→ Task requirements
Your output should be everything below from the line containing "Sofaen er passet" down to the line containing "Het rond punt", both ends included, copied exactly, with pictures left out.

○ ○ ○ ○ ○

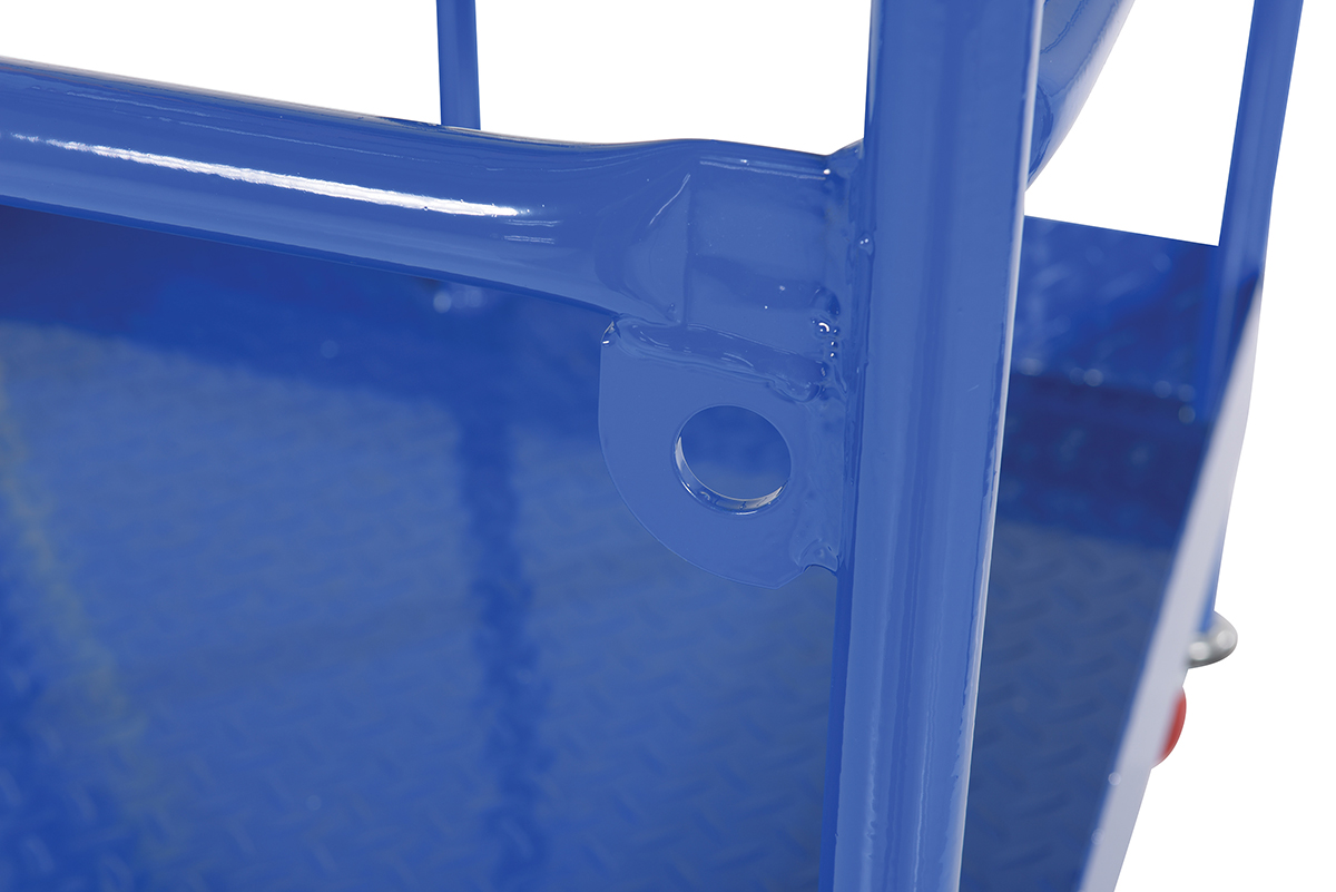 Steel Work Platform With Poly Casters and 84 In. Expanded Back 36 In. x 36 In. 1,000 Lb. Capacity BlueThis convenient fork truck work platform quickly and safely raises maintenance personnel where they are needed. Attaches to fork truck by inserting forks into fork pockets and securing platform to fork truck. Fork locks secure platform to forks. Dual handrails on three (3) sides. Expanded metal backing on fourth side. Includes checker floor plate platform and long strap with hook to attach platform to fork truck. A maximum of two (2) people can be in the work platform at one time. Includes (4) four poly swivel casters. Meets California OSHA specifications.
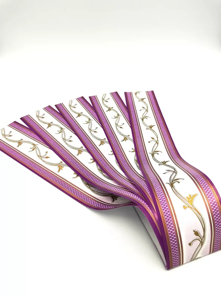 Бордюр бумажный для обоев (бордюрная лента на стену) – недорогой отделочный материал, с помощью которого можно очень быстро дополнить интерьер. Бордюры для обоев узкий или широкий (окантовка) имеют различные варианты по размерам (ширина 4,6,9,12 см.) и местам расположения. Комплект состоит из 20 полос, длина полосы 70 см., общая длина комплекта 14 м.
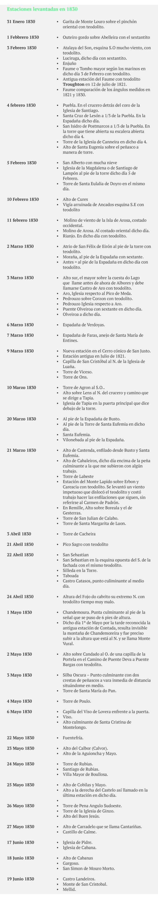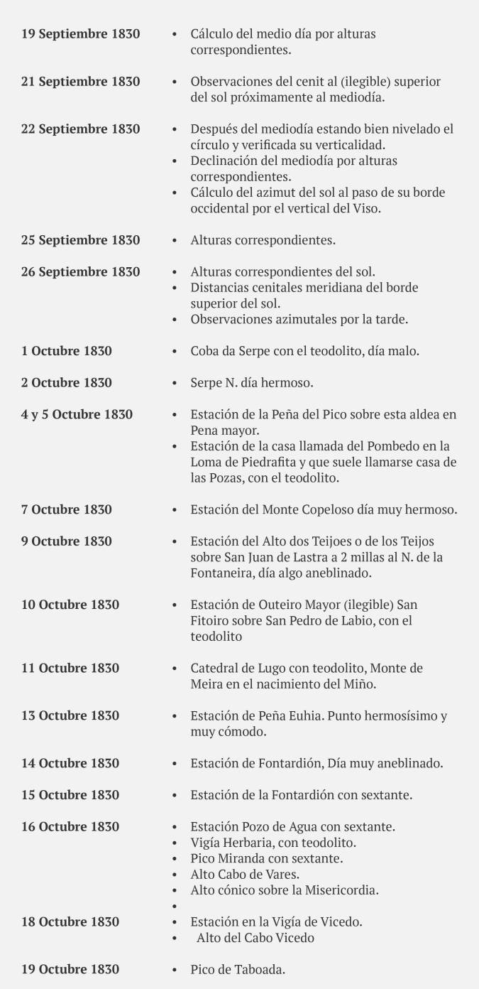 A tan digno profesor debió no solo el entusiasmo con que prefirió a toda otra ocupación, la de cultivar más y más el estudio de las Ciencias Naturales y Exactas, sino que el mismo le inspiró el pensamiento de emprender la triangulación de Galicia y el levantamiento de su Carta Geométrica y a este fin le adquirió en París los mejores instrumentos para llevar a cabo tan útil proyecto”.
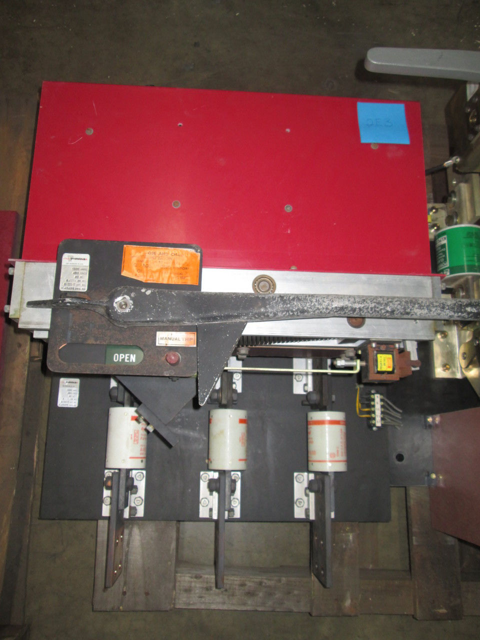 Pringle QA-1233-ET Pressure Contact Switch: 1200 amp, 480 volt, 3 pole, black back plate, 120 volt shunt trip. Sold used electrically OK. Fuses sold separately.
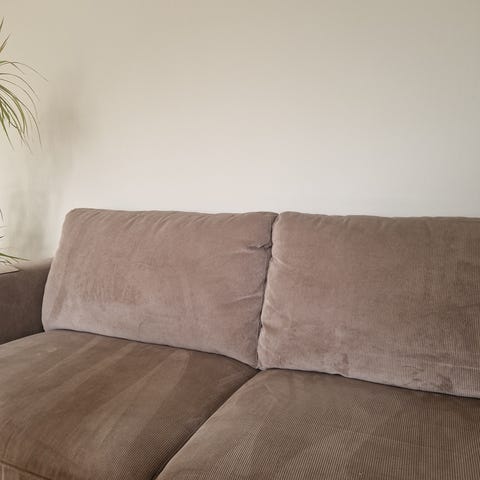 Sofaen er passet godt på, men har i den tid vi har haft den været igennem 3 flytninger (2021, 2023 og 2024), og der har den desværre fået et mindre brist i stoffet. Det er dog godt gemt væk bag den ene rygpude, og burde i øvrigt sagtens kunne syes hvis man ønsker det. Det har vi ikke selv fundet nødvendigt.
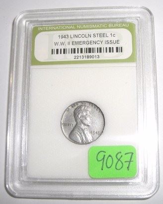 1943 WORLD WAR II-STEEL PENNY *EMERGENCY ISSUE* LINCOLN WHEAT PENNY *CERTIFIED BY INB-INTERNATIONAL NUMISMATIC BUREAU* NICE EARLY PENNY!! COIN CAME OUT OF SAFE!! ***Coin, Currency & All Items Listed in this auction - Grades, Conditions and Values are not Safe Deposit Coins LLC Responsibilty. Grades, Condition and Values are determined by Consigner(s) & Buyers ONLY
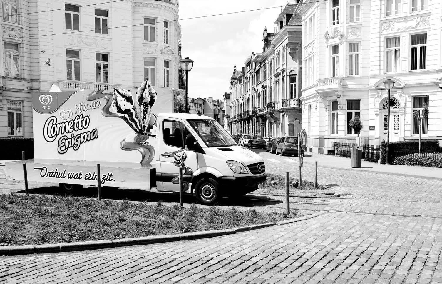Het rond punt in de Cogels- Osylei. Een verschrikking weet iedereen die daar geregeld moet zijn en een valstrik voor al diegenen die er slechts sporadisch komen. Zoals deze ijsjeskar die gewoon de tramsporen blijft volgen. Foto luc Pandelaers.
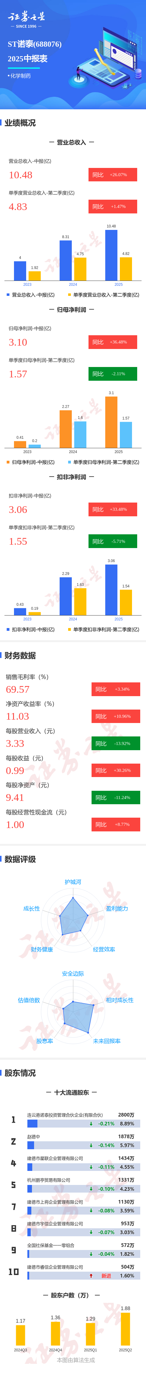 证券之星音书,ST诺泰(维权)2025年中报透露,公司主营收入10.48亿元,同比飞腾26.07%;归母净利润3.1亿元,同比飞腾36.49%;扣非净利润3.06亿元,同比飞腾33.49%;其中2025年第二季度,公司单季度主营收入4.83亿元,同比飞腾1.47%;单季度归母净利润1.57亿元,同比下落2.12%;单季度扣非净利润1.55亿元,同比下落5.72%;欠债率49.53%,投资收益111.66万元,财务用度1903.63万元,毛利率69.57%。
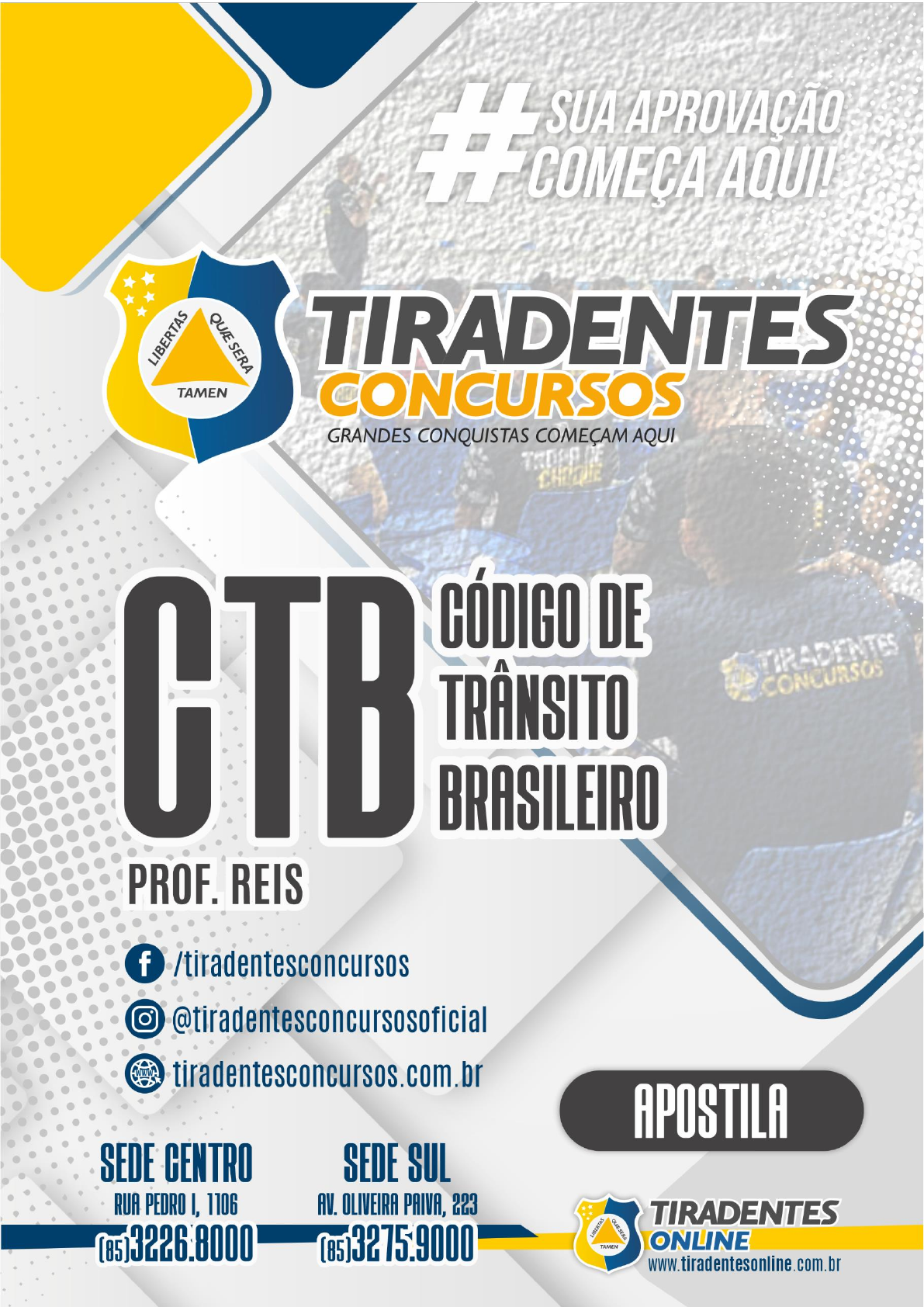 Esse material é de uso exclusivo do adiquerente. É expressamente proibida a reprodução e/ou distribuição desse material, no todo ou em parte, em qualquer meio mecânico, eletrônico, magnético, digital ou quaisquer outros meios que vieram a existir, com ou sem fins econômicos, sem a prévia e expressa autorização do detentor dos seus direitos, qual seja, a CONSETTRAN TREINAMENTOS, nos termos da Lei nº 9.610/1998, pelo que o infrator responderá civil e criminalmente. Solicitamos que nos seja informado sobre qualquer tipo de plágio ou reprodução, pelo que pretendemos tomar providências. Existe a possibilidade de gratificar aquele que auxiliar no sentido de identificar o plágio desde que nos sejam apresentandos a cópia do material e o recibo identificado. VALORIZE SEU INVESTIMENTO E TAMBÉM O NOSSO TRABALHO. Código de identificação do material N º103 – 2022.2 CLARO (85) 991.117.793 VIVO (85) 982.191.049 TIM (85) 999.278.615 (WhatsApp) E-mail: professorreistransito@gmail.com Site: www.consettran.com.br Twitter: @consettran Instagram: Professor_Reis Face: http://www.facebook.com/Consettran mailto:professorreistransito@gmail.com http://www.consettran.com.br/ http://www.facebook.com/Consettran Áreas de Atuação: • COACH INTEGRAL SISTÊMICO • Direito e Legislação de Trânsito; • Direção Defensiva; • Primeiros Socorros; • Mecânica Básica para concursos; • Preparação para avaliações práticas de direção veicular. • (Cursos extras de exercícios / Curso CTB em questões / Aulões / Revisões / Inscrições e Eventos / Formação de Agentes de Trânsito / Cursos de Aperfeiçoamento e Qualificação Profissional) PROF. RENATO REIS: • Bacharel em Direito (Estácio-FIC) com Especialização em “Gestão e Direito de Trânsito” (CEAT/INESP – São Paulo); • Coach Integral Sistêmico formado pela maior instituição de Coach do mundo (FEBRACIS) em parce- ria com a Florida Christian University (FCU); • Treinador oficial dos livros do Dr. Paulo Vieira: O PODER DA AÇÃO e O PODER DA AUTORRESPONSA- BILIDADE; • Diretor/Presidente da CONSETTRAN TREINAMENTOS; • Palestrante na área de trânsito para empresas e instituições; • Professor de cursos preparatórios para candidatos na área de Trânsito; • Responsável pela Coordenação de cursos e Formação de Agentes de Trânsito de vários municípios do Estado do Ceará; • Analista de Recursos Administrativos por Infrações de Trânsito; • Autor e Editor de Apostilas e materiais relativos à temática do Trânsito para Formação de Conduto- res, Agentes de trânsito, Concursos e Educação para o Trânsito; • Avaliador em processos seletivos (Prefeituras Municipais e Empresas Privadas); • Consultor de Empresas em levantamentos de ocorrências de Trânsito; • Consultor Técnico e Diretor Administrativo/Financeiro do IBRADEC (Instituto Brasileiro de Defesa da Cidadania); • Coordenador e Professor de cursos de capacitação e aperfeiçoamento profissional; • Educador e Instrutor de Trânsito Prático e Teórico; • Membro da ABPTRAN (Associação Brasileira de Profissionais de Trânsito); • Professor em Centros de Formação de Condutores da capital e do interior habilitado pelo DE- TRAN/CE; • Técnico em Gestão, Segurança e Direito de Trânsito. Venho atuando há mais de 23 anos na área de trânsito, certificado em mais de 90 cursos, totalizando cerca de duas mil horas em treinamentos, tendo alcançado mais de 900 mil pessoas entre primeira habilitação, concursos e empresas. Hoje também como Consultor, Palestrante e Coordenador de cursos de capacitação e aperfeiçoamento pro- fissional, cursos preparatórios para concursos e Coach nas áreas Life, Família e Carreira/Concursos. ANEXO I DOS CONCEITOS E DEFINIÇÕES Para efeito deste Código adotam-se as seguintes defini- ções: NOTA DO ORGANIZADOR: Observe algumas conexões entre os conceitos e definições através da numeração. Os números, ao final de cada descrição, significam que aque- les tópicos em que aparecem o mesmo numeral devem ser estudados conjuntamente, o que facilita principalmen- te a comparação entre os textos eliminando a possibili- dade de confusão entre eles. Ou seja, cada vez que o lei- tor encontrar um número, o leitor deve buscar as outras definições onde constam o mesmo número. ACOSTAMENTO - parte da via diferenciada da pista de rolamento destinada à parada ou estacionamento de veículos, em caso de emergência, e à circulação de pe- destres e bicicletas, quando não houver local apropriado para esse fim. (1) AGENTE DA AUTORIDADE DE TRÂNSITO - pessoa, civil ou policial militar, credenciada pela autoridade de trânsito para o exercício das atividades de fiscalização, operação, policiamento ostensivo de trânsito ou patrulhamento. (2) AGENTE DA AUTORIDADE DE TRÂNSITO - agente de trân- sito e policial rodoviário federal que atuam na fiscaliza- ção,nocontroleenaoperaçãodetrânsitoenopatrulhamento, competentesparaa lavratura do auto de infração e para os procedimentos dele decorrentes, incluídos o policial mili- tar ou os agentes referidos no art.25-A deste Código, quando designados pela autoridade de trânsito com cir- cunscrição sobre a via, mediante convênio, na forma pre- vista neste Código.(Alterado pela Lei Nº 14.229, de 21 de outubro de 2021)(2) AGENTE DE TRÂNSITO - servidor civil efetivo de carreira do órgão ou entidade executivos de trânsito ou rodoviário, com as atribuições de educação, operação e fiscalização de trânsito e de transporte no exercício regular do poder de polícia de trânsito para promover a segurança viária nos termos da Constituição Federal. (Incluído pela Lei Nº 14.229, de 21 de outubro de 2021) (2) AR ALVEOLAR - ar expirado pela boca de um indivíduo, originário dos alvéolos pulmonares.(Incluído pela Lei nº 12.760, de 2012) (3) ÁREA DE ESPERA - área delimitada por 2 (duas) linhas de retenção, desti
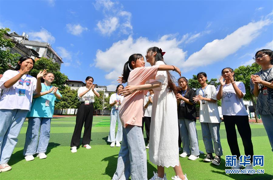 在融水苗族自治縣民族中學(xué)1818班舉辦的送別班會(huì)上,同學(xué)們和支教老師高潔(左一)擁抱告別(7月23日攝)。新華社記者黃孝邦攝
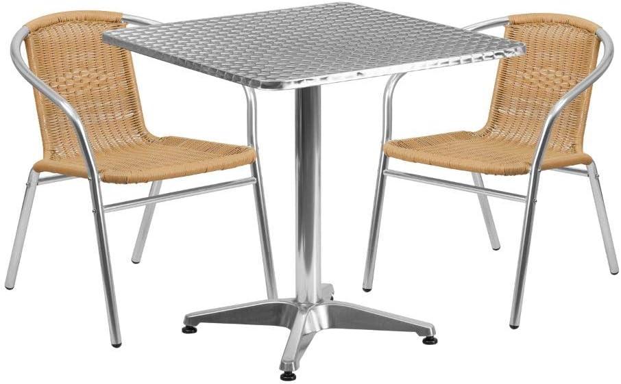 ,Flash Furniture 27.5'' Square Aluminum Indoor-Outdoor Table Set with 2 Beige Rattan Chairs at Amazon

○ ○ ○ ○ ○

→ Exercise output
 Sofaen er passet godt på, men har i den tid vi har haft den været igennem 3 flytninger (2021, 2023 og 2024), og der har den desværre fået et mindre brist i stoffet. Det er dog godt gemt væk bag den ene rygpude, og burde i øvrigt sagtens kunne syes hvis man ønsker det. Det har vi ikke selv fundet nødvendigt.
 1943 WORLD WAR II-STEEL PENNY *EMERGENCY ISSUE* LINCOLN WHEAT PENNY *CERTIFIED BY INB-INTERNATIONAL NUMISMATIC BUREAU* NICE EARLY PENNY!! COIN CAME OUT OF SAFE!! ***Coin, Currency & All Items Listed in this auction - Grades, Conditions and Values are not Safe Deposit Coins LLC Responsibilty. Grades, Condition and Values are determined by Consigner(s) & Buyers ONLY
Het rond punt in de Cogels- Osylei. Een verschrikking weet iedereen die daar geregeld moet zijn en een valstrik voor al diegenen die er slechts sporadisch komen. Zoals deze ijsjeskar die gewoon de tramsporen blijft volgen. Foto luc Pandelaers.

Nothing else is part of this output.